Определяя «главную мысль» своего произведения, автор «Жития…» замечал, что «после монастыря и Тихона великий грешник с тем и выходит вновь на свет, чтобы быть величайшим из людей». Однако этот замысел не был осуществлен: летом 1870 г. работа над «Житием…» была прекращена, и Достоевский сосредоточился преимущественно на романе «Бесы». В «Бесах» автор обращается уже не столько к самой личности Парфения, сколько к тексту его произведения.

Первое упоминание Достоевским «Сказания» встречается в подготовительных материалах к «Бесам» в разговоре Грановского с сыном (Студентом). Сын обращается к отцу со словами: «…только какая ты фразистая и слезливая баба, я тебе скажу. Ну, ты в слезах найдешь утешение. Читал я раз книгу инока Парфения о путешествии на Афон — что инок Николай имел дар слезный — ну вот ты и есть инок Николай, который имел дар слезный» (11, 76).

Упомянутого инока Николая Парфений характеризует так: «…весьма смирен и кроток, и весьма сух; очи наполнены слез; слово тихое и кроткое» (I, 330). Подвижническая жизнь о. Николая глубоко потрясает паломника Парфения.

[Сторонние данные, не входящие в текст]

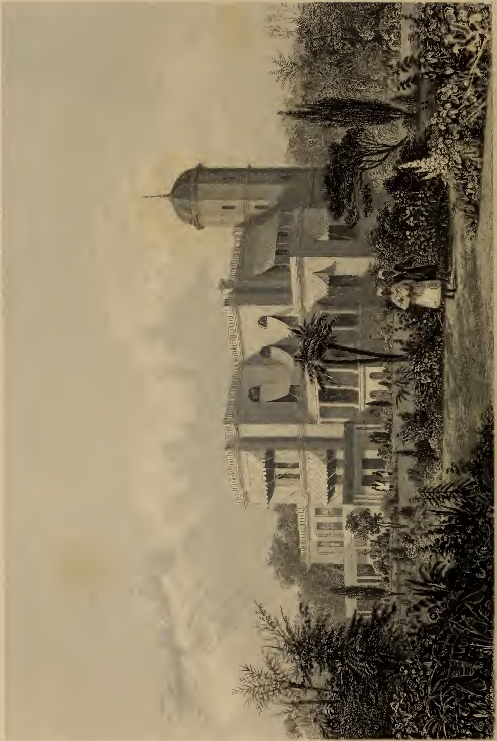
THE GREAT MOSQUE, CAIRO, EGYPT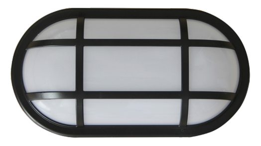
BULK11 & 12

Строки, посвященные этому «земному ангелу и небесному человеку», как его называет Парфений, проникнуты умилительным восторгом автора: «И всякая служба была слезами растворена: они <старец Арсений и о. Николай> без слез не могли ни читать, ни петь, а наипаче отец Николай <…> пел тихим плачевным гласом; от слез едва был слышен глас его <…> смотря на них, я не мог удержаться от слез». Плач как духовное состояние Парфений считал величайшим Божиим даром, который дается истинным подвижникам. Таковы в «Сказании» инок Николай, духовник Арсений, старец Иоанн.

Выражение «дар слезный», характерное для речи Парфения, в устах Студента (будущего Петра Верховенского) выглядит явно пародийно и вполне соответствует логике первоначального замысла романа как политического памфлета. В саркастическом отождествлении мелочно-житейских слез Грановского с духовным даром о. Николая заключена потенциальная склонность к цинизму и богохульству Студента-Верховенского. Истинным слезным даром в романе Достоевского наделена только Марья Тимофеевна Лебядкина, но к разговору о ней мы вернемся позже.

2

Для понимания специфики работы Достоевского с текстом «Сказания» как с источником романа наиболее интересен эпизод с юродивым Семеном Яковлевичем в окончательном тексте «Бесов». Он заключает в себе контаминацию двух различных источников: «Сказания» инока Парфения и «Жития Ивана Яковлевича…» И. Г. Прыжова[314]. Сочинение Прыжова было для Достоевского важнейшим письменным источником, содержащим подробную информацию о реальном юродивом, потому следует особо остановиться как на самой личности Прыжова, так и на его произведении.